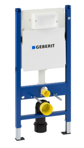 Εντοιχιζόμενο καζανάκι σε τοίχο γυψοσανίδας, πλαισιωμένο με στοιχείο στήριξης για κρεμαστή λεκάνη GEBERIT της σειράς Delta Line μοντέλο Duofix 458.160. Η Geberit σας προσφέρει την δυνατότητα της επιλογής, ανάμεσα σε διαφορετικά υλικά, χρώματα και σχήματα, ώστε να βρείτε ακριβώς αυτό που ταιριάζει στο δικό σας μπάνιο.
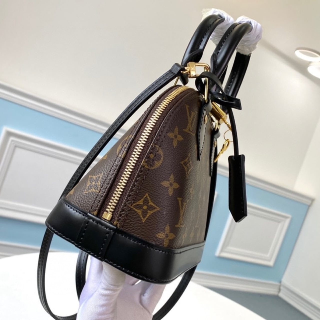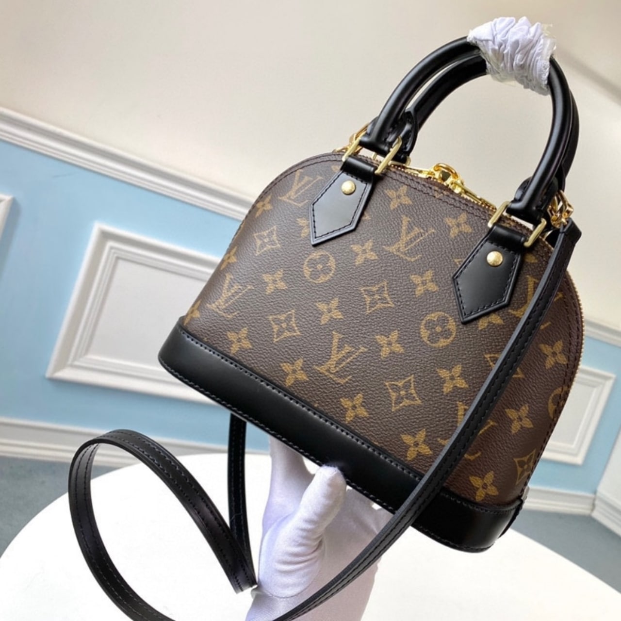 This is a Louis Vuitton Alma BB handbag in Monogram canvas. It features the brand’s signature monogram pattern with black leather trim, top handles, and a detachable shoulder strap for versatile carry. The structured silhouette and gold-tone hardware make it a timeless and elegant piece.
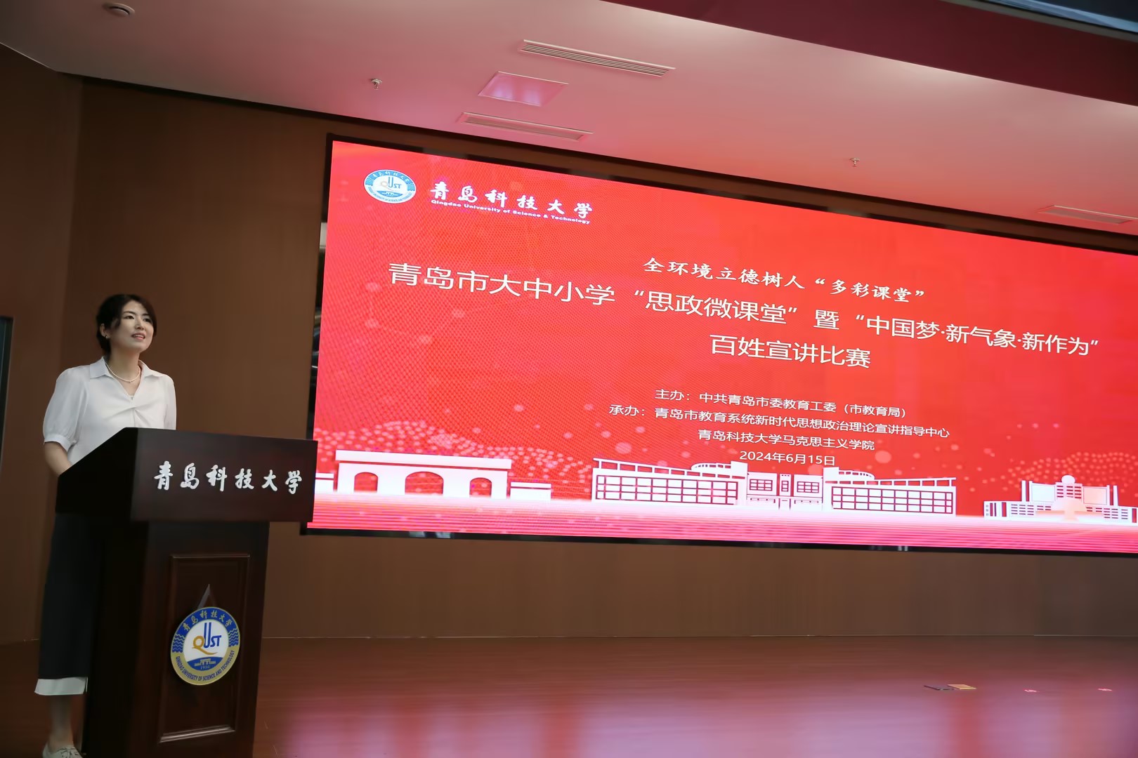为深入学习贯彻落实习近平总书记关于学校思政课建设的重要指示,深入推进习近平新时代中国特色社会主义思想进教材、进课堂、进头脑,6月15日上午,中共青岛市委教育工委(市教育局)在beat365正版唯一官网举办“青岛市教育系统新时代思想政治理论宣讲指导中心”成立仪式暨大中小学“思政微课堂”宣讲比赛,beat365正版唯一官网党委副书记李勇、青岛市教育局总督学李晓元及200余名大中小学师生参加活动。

-.-.-

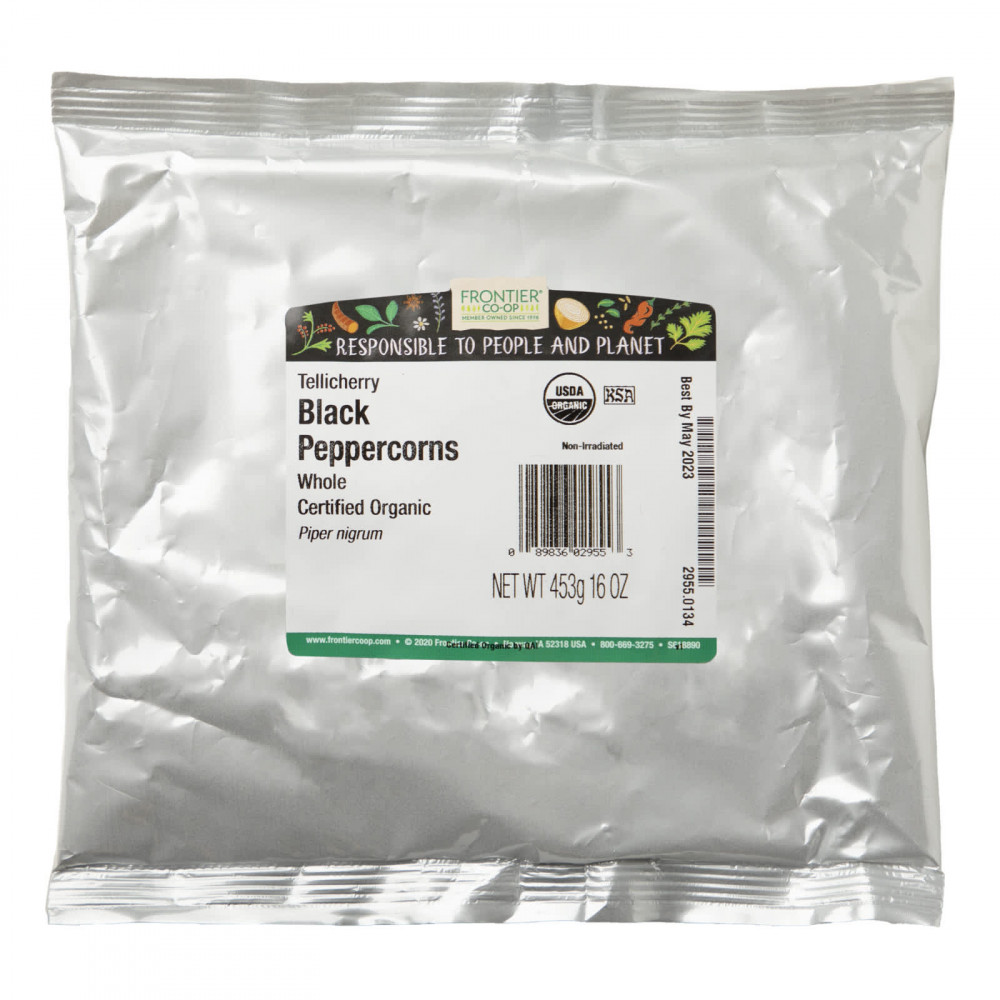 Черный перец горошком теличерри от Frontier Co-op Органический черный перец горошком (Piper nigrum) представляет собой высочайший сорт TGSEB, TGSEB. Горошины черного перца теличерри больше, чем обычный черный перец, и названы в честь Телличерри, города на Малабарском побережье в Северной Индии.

-.-.-

◆ Problem statement
Nothing but the lines from the one with "This is a Louis" up to and including the one with "为深入学习贯彻落实习近平总书" should be printed, exactly as they read above. Please keep the pictures out.

◆ Output of the task
 This is a Louis Vuitton Alma BB handbag in Monogram canvas. It features the brand’s signature monogram pattern with black leather trim, top handles, and a detachable shoulder strap for versatile carry. The structured silhouette and gold-tone hardware make it a timeless and elegant piece.
为深入学习贯彻落实习近平总书记关于学校思政课建设的重要指示,深入推进习近平新时代中国特色社会主义思想进教材、进课堂、进头脑,6月15日上午,中共青岛市委教育工委(市教育局)在beat365正版唯一官网举办“青岛市教育系统新时代思想政治理论宣讲指导中心”成立仪式暨大中小学“思政微课堂”宣讲比赛,beat365正版唯一官网党委副书记李勇、青岛市教育局总督学李晓元及200余名大中小学师生参加活动。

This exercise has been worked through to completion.